Italian savings bank

Cassa di Risparmio di Lucca Pisa e Livorno S.p.A. was an Italian saving bank based in Lucca. It was a subsidiary of Banco Popolare and currently a sub-division (under BPL) and brand of the group Banco BPM.

==History==

===Cassa di Risparmio di Lucca===
Cassa di Risparmio di Lucca was founded in the Duchy of Lucca on 9 July 1835. Due to Legge Amato, a Società per azioni that runs bank activity, and a banking foundation that runs charity activities, were formed on 7 April 1992 (gazetted on 29 April). The foundation immediately sold about 51% shares to an intermediate holding company "Holding Casse Toscane" (literally Tuscan saving banks holding), which also consist of the saving banks (Cassa di Risparmio) of Florence, Livorno, Pisa, Pistoia, San Miniato as well as Banca del Monte di Lucca. CR Lucca received about 18% shares of the holding, making the foundation hold about 49% shares of their own bank directly, or about 58.18% directly and indirectly combined.
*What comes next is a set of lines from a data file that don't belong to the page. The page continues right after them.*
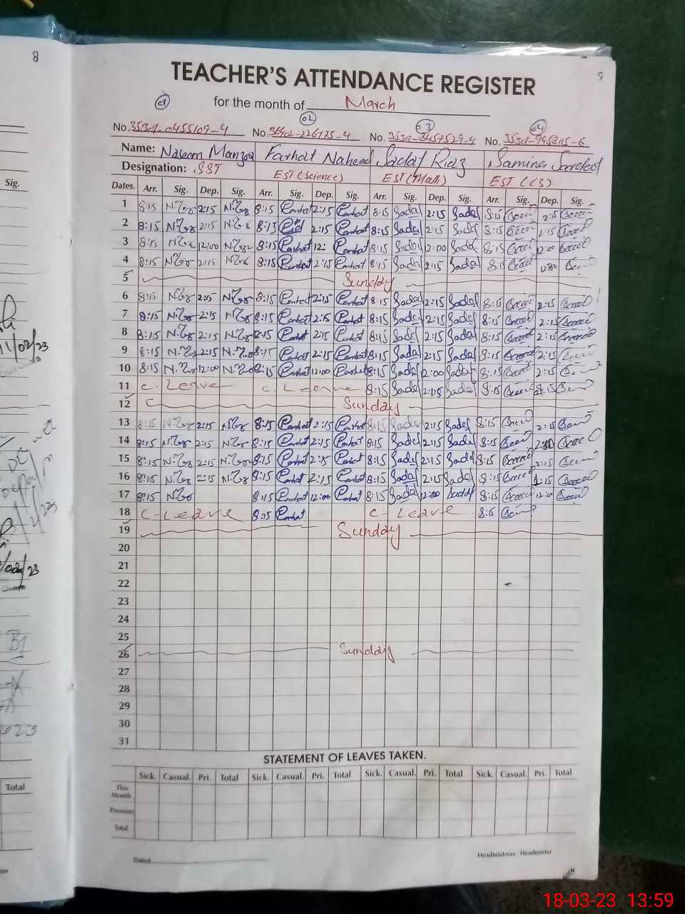 | Name: Fa**** Ta**** Designation: (School Headmaster's/Headmistress's) Head Mistress Phone/Cell Number: 03**** |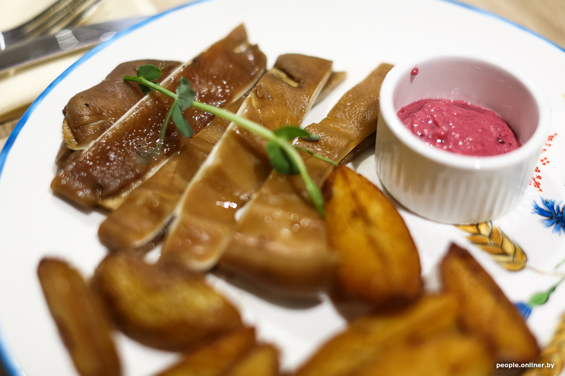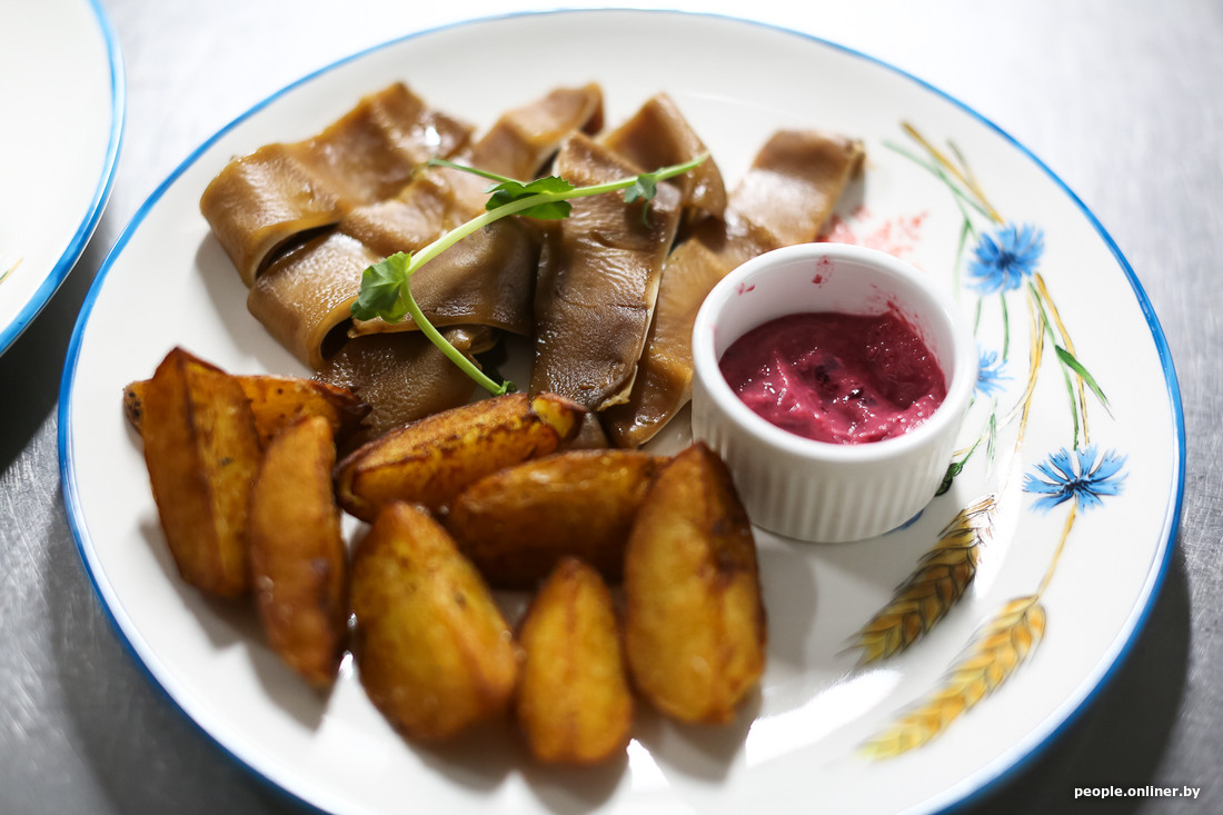 Неожиданно Константин задает вопрос, к которому мы явно не были готовы: «Любите ли вы уши?» Долго не думая, отвечаем: «Да». Вот так легко мы заказали одно из любимых блюд шефа: в меню оно значится как «Раков» и относится к белорусской кухне. На самом деле среди названий по типу «Барселона» или «Санторини» это тоже своего рода экзотика.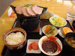 明宝ハムステーキ 見よ、これが明宝ハムだ。この世にこれよりうまいハムがあるかどうか。鉄板の上でジュージュー、肉厚でおいしいです。 |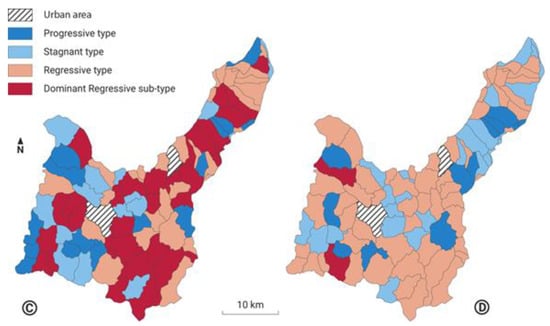 A regressive type of settlement with values of net relative change less than (Rj% > −47%) and (Rj% > −47.5) belongs to the dominant regressive sub-type. This type of settlement is characterized by an advanced phase of depopulation, where there was a rapid decline in the total population during the survey period. This type of settlement remains without an agricultural population so that the areas under arable land do not decrease but record stagnation and belong to the stagnant type. The types of settlements according to the change in the number of inhabitants (C) and arable land areas (D) for 1961–2011 are given in Figure 3. The typology of population dynamics and changes in the arable land surface was analyzed for the period 1961–2011, and an analysis was done of the change in erosion intensity for the period 1971–2016. The reason for this discrepancy in the periods is that the most intense changes in demographic and agrarian geographical transformation began in the 1960s and their results became visible in the early 1970s, as identified by earlier studies [47,48].

In 1995, CR Pisa, Livorno, Lucca and Banca Monte Lucca quit the union and formed "Holding Casse del Tirreno" (literally Tyrrhenian saving banks holding).

===Banco Popolare era===
In 1999 the three saving banks became part of Banca Popolare di Lodi, with the foundation of CR Lucca retained 49.66% shares on its own bank. In 2000s, Banca Popolare di Lodi started the internal reorganization of ownership structure (In 2000 Casse del Tirreno was a subsidiary of Istituto di Credito delle Casse di Risparmio Italiane (ICCRI), which in turn a subsidiary of Bipielle Partecipazioni, a subsidiary of Banca Popolare di Lodi; in 2001 Casse del Tirreno was absorbed into ICCRI; in 2002 Bipielle Retail became the new intermediate holding company; in 2003 Pisa and Livorno started to become a subsidiary of Lucca, while Lucca was a subsidiary of Reti Bancarie) In 2005 Pisa and Livorno were whole owned subsidiaries of Lucca, while Lucca was a subsidiary of Banca Popolare di Lodi through direct (20.93%) and indirect ownership (BPL owned 73.52% shares of Reti Bancarie; Reti Bancarie owned 46.28% shares of Lucca).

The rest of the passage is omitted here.